One of them is designed to check the system of steel cables and pulleys that support FAST’s feed cabin, which receives radio signals reflected off the collecting surface. The cables keep it suspended 140 m above the surface, so maintenance is crucial for the telescope’s safe operation, but manual inspections are problematic for engineers, particularly the sections within 200 m of the feed cabin which are hardest to reach. The new feed support cable and pulley detection robot has a traction system which allows it to move along the cable, even at a steep angle, to check all the components, including clamps, pulleys, optical and electrical cables. It has robotic arms equipped with cameras to perform the inspections, and a magnetic sensor to detect internal defects in the cable.

Another robot is tasked with maintaining the telescope’s laser targets, of which there are 2,225 distributed on FAST’s reflector. They are the reference points for measuring the surface shape of the dish, which is composed of aluminium plates with a thickness of only about 1 mm. The surface cannot bear the full weight of a person, and until now the solution was to attach a large balloon to maintenance personnel to support their weight – a weather-dependent and inefficient approach. The new robot is lighter, more efficient, and can remove, clean and replace the targets by itself.

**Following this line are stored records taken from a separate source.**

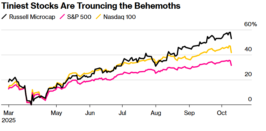 微盘股近期表现与市场驱动因素 - 自4月以来,微盘股持续跑赢整体美股市场,反弹核心动力在于特朗普关税政策缓和后市场乐观情绪复苏 [1] - 罗素微盘股指数(成分股平均市值约4.5亿美元)在上周五暴跌3.1%,创自4月初全球市场动荡以来的最大跌幅 [1] - 微盘股涨势与人工智能相关热门个股相似,尽管华尔街分析师已开始担心其历史高位估值 [2] 微盘股上涨的逻辑与潜在风险 - 美联储时隔9个月重启降息及降息预期升温是微盘股跑赢标普500指数的核心逻辑之一,历史规律显示降息周期首先利好小盘股 [2] - 微盘股相对标普500的"锐利跑赢期"往往不伴随股票市场的积极乐观时期,在最近10次类似行情后,微盘股基准指数在1个月、3个月及1年后表现通常大幅下跌 [6][7] - 微盘股上涨动能近期已显著减弱,因市场警告其涨势过于强劲可能导致投机泡沫破裂 [6] 微盘股的市场特性与投资者行为 - 微盘股通常市值过小且成交量狭窄(平均日成交量不到标普500指数一半),无法满足大型机构流动性要求,因而多出现在散户交易清单上 [7] - 微盘股投资者近几周出现资金大规模流出,美国银行策略师指出该领域是小盘股中估值最昂贵的部分,其跑赢表现"可能已进入比赛的后半段" [8] - 尽管指数整体承压,但部分成分股如DeFi Development Corp(区块链开发商)年内股价飙升逾2000%,The Oncology Institute(小型诊所运营商)股价上涨逾1100% [9] 市场专家观点 - 华尔街机构Bespoke Investment Group指出,过去六个月最小市值的微盘股平均录得最大涨幅,但这波大涨主要由市场投机情绪驱动,而非高质量上市公司 [6][7] - 野村证券国际公司的跨资产宏观策略师查理·麦克埃利戈特表示正在回避微盘股领域,原因是缺乏流动性,并质疑投资者如何应对其剧烈波动属性 [7]
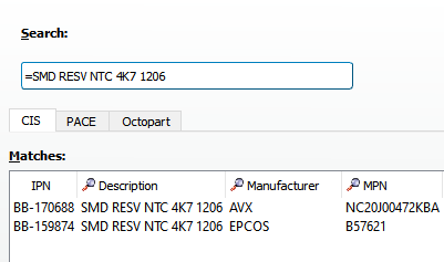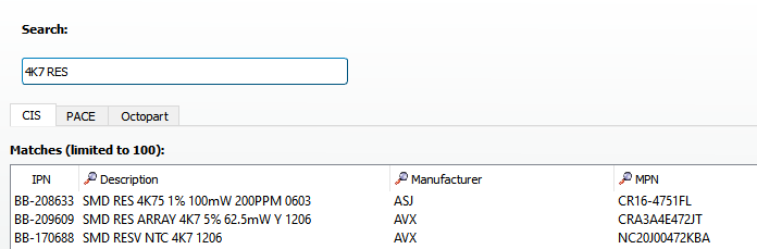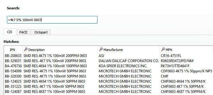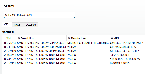 Prefixing the search string with the at symbol indicates an attribute search. The the key attributes are value, rating and tolerance. Any token in the search string and the CIS description field that has a valid format for an attribute is taken as such. E.g. 4K7 is recognised as the value for a resistor, 1% is recognised as a tolerance, 100mW as a power rating and 10V as a voltage rating. All three attributes must be entered. Any addition tokens, e.g. the shape code in the example below are processed in the same way as for a simple search. In this example unwanted results such as 4K75 are excluded.
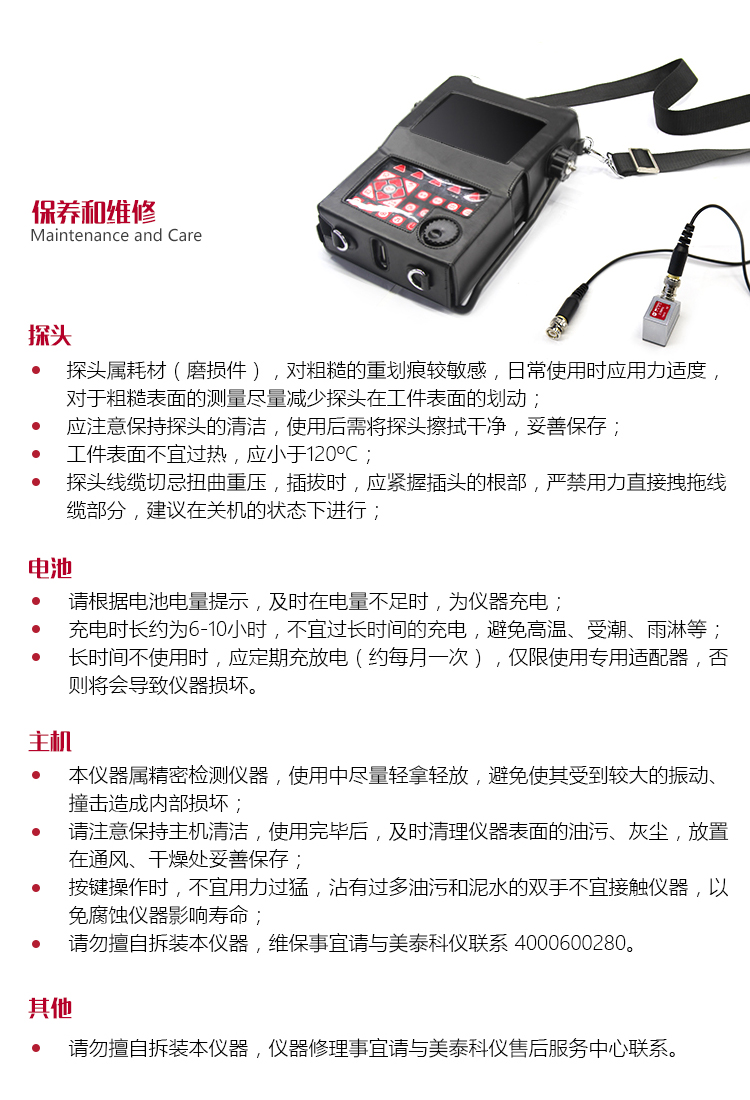 | 美泰超聲波探傷儀附有專用的隨機裝箱資料。包括產(chǎn)品合格證、保修卡、產(chǎn)品說明書、裝箱清單。隨機資料采用專用的銅版紙印制,說明書圖文設(shè)計,美觀、易懂、便于長久保存。注:美泰品牌系列產(chǎn)品的隨機資料均可登陸www.zg6899.com下載電子版。 | |
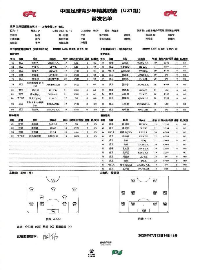 中國足球青少年精英聯(lián)賽第7輪,上海申花10-0戰(zhàn)勝蘭州隴原競技

There are also robotic helpers to monitor radio interference, to disassemble and assemble the receivers, and to maintain the dish’s more than 2,000 hydraulic actuators, responsible for manipulating the reflective surface to direct waves from different directions into the receiver.

The robots operate during regular maintenance periods, to avoid interfering with the telescope’s astronomical observations.

This project was undertaken by the Guizhou Radio Astronomical Observatory with contributions from nine facilities including the National Astronomical Observatories of the Chinese Academy of Sciences and Harbin Institute of Technology.

The reflector laser target maintenance robot.